Polar ice cores have presented us with the most exquisite records of how high-latitude climate has changed in the recent past from indirect clues presented by variations in stable isotopes of oxygen and deuterium (temperature change), dust and sulfate content (aridity and volcanicity respectively) in layers of ice. That proxy record extends back to 800 ka in the Dome C core from Antarctica, showing in great detail the course of the last nine glacial-interglacial cycles, both the astronomical effect of a changeover from a 40 ka pacing to one of around 100 ka and many intricacies on a millennial time scale. The most tangible archive of information resides in the air bubbles trapped by the original snow that eventually turned into ice. That reveals how the intricate pacing of climate change has been almost perfectly tracked by the global carbon cycle as shown by changes in the concentrations of carbon dioxide and methane. This was first demonstrated by cores through the Greenland ice cap, which penetrate just the last glacial episode and the warmth before and after.
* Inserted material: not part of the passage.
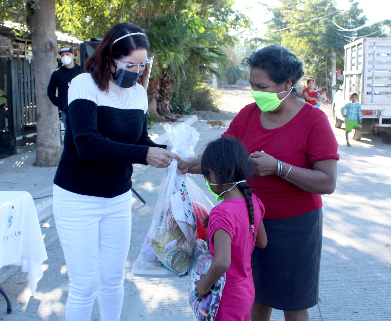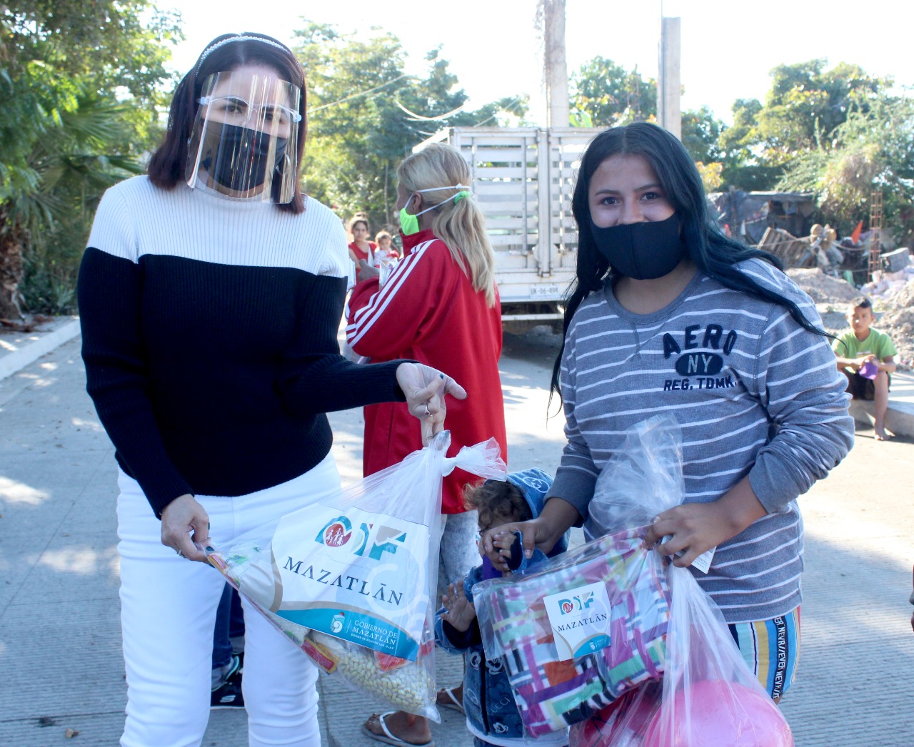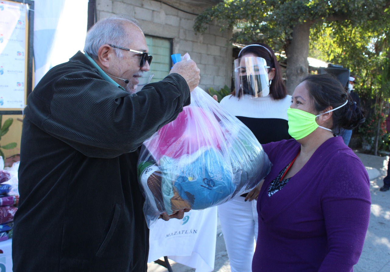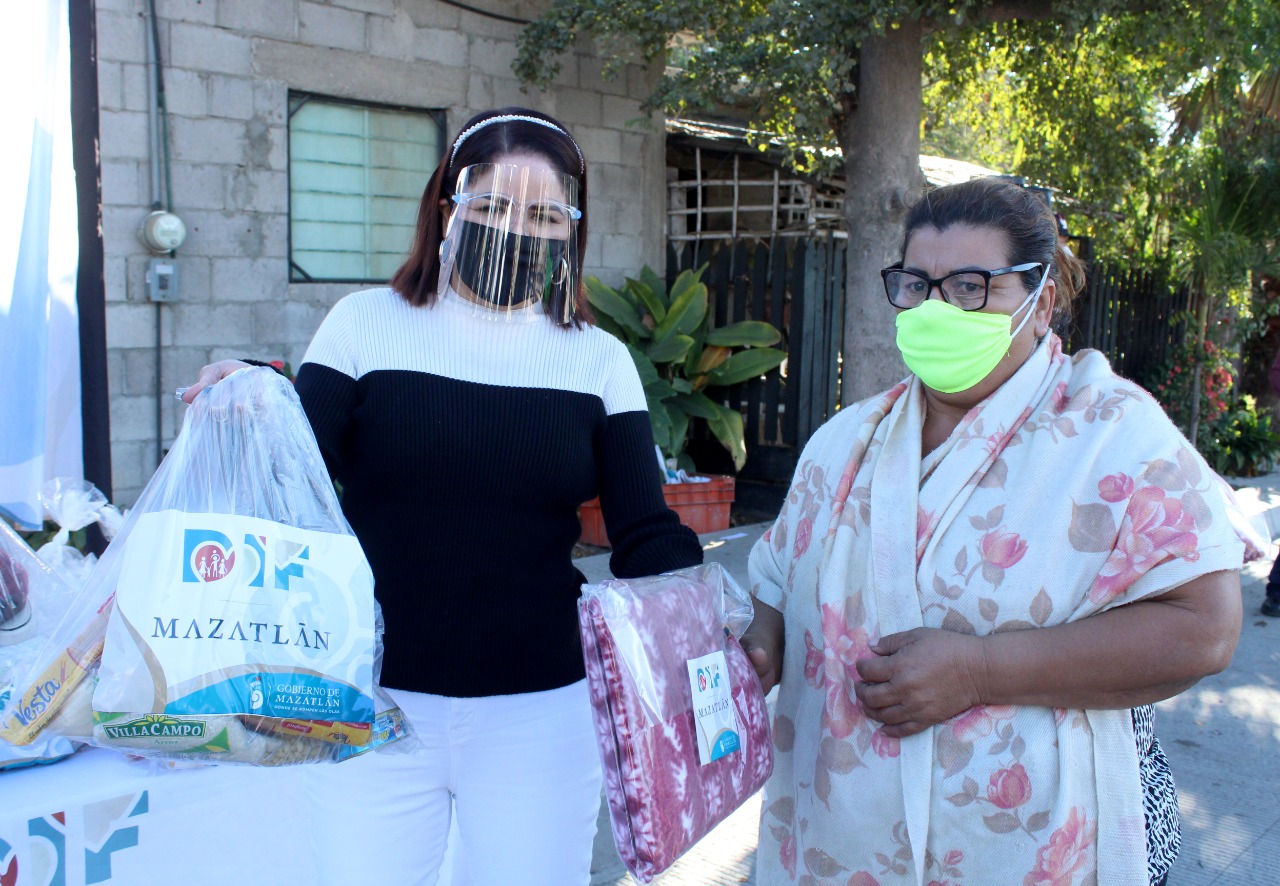 Mazatlán. – Sistema DIF Mazatlán sigue entregando apoyos invernales en colonias de la zona urbana del puerto, en esta ocasión se visitó a los vecinos de la colonia La Sirena para hacer entrega de frazadas, despensas y kits de regalo con productos variados como tenis, ropa, juguetes, mochilas, entre otros.

After several years of painstaking bubble analyses at many collaborating labs, the full 800 ka greenhouse-gas records from Antarctica have now appeared (Luthi, D. and 10 others 2008. High resolution carbon dioxide concentration record 650,000-800,000 years before present. Nature, v. 453, p. 379-382. Lulergue, L. and 9 others 2008. Orbital and millennial-scale features of atmospheric CH4 over the past 800,000 years. Nature, v. 453, p. 383-386). These long records demonstrate the close connection between climate and greenhouse gases that must be maintained by complex (and not fully understood) feedback mechanisms. Different Earth processes affect the two principal gases, methane probably being controlled by effects of varying temperature and rainfall on peat-rich swamps in the tropics, whereas carbon dioxide’s main driver is capture and release of carbon by the oceans. The central feature remains that of astronomical forces, with perhaps some sign of a signal from the 413 ka component of orbital eccentricity from a shift in the range of temperatures and greenhouse gases in 100 ka cycles around 450 ka ago, and a broad change in methane concentrations. Yet, despite being a pole away from high northern latitudes where comparison of the Greenland ice record with North Atlantic sea-floor sediment data revealed a northern cause for dramatic short term shifts, much the same millennial cycles characterise the whole Antarctic record. It could be that these rapid changes are proxies for the course of northern climate vagaries – there are about 75 of them in the methane Antarctic record. So stunning are the new data that they are sure to spur attempts to go back even further by more drilling in Antarctica, probably in the eastern ice cap where current air temperature and snow fall are extremely low and a greater length of time may be preserved in a smaller thickness of ice. That is because the faster snow and ice accumulate the more rapidly flow removes the record: the reason why the thick Greenland ice, although capable of yielding time resolution of as little as individual years, cannot retain records much beyond 200 ka.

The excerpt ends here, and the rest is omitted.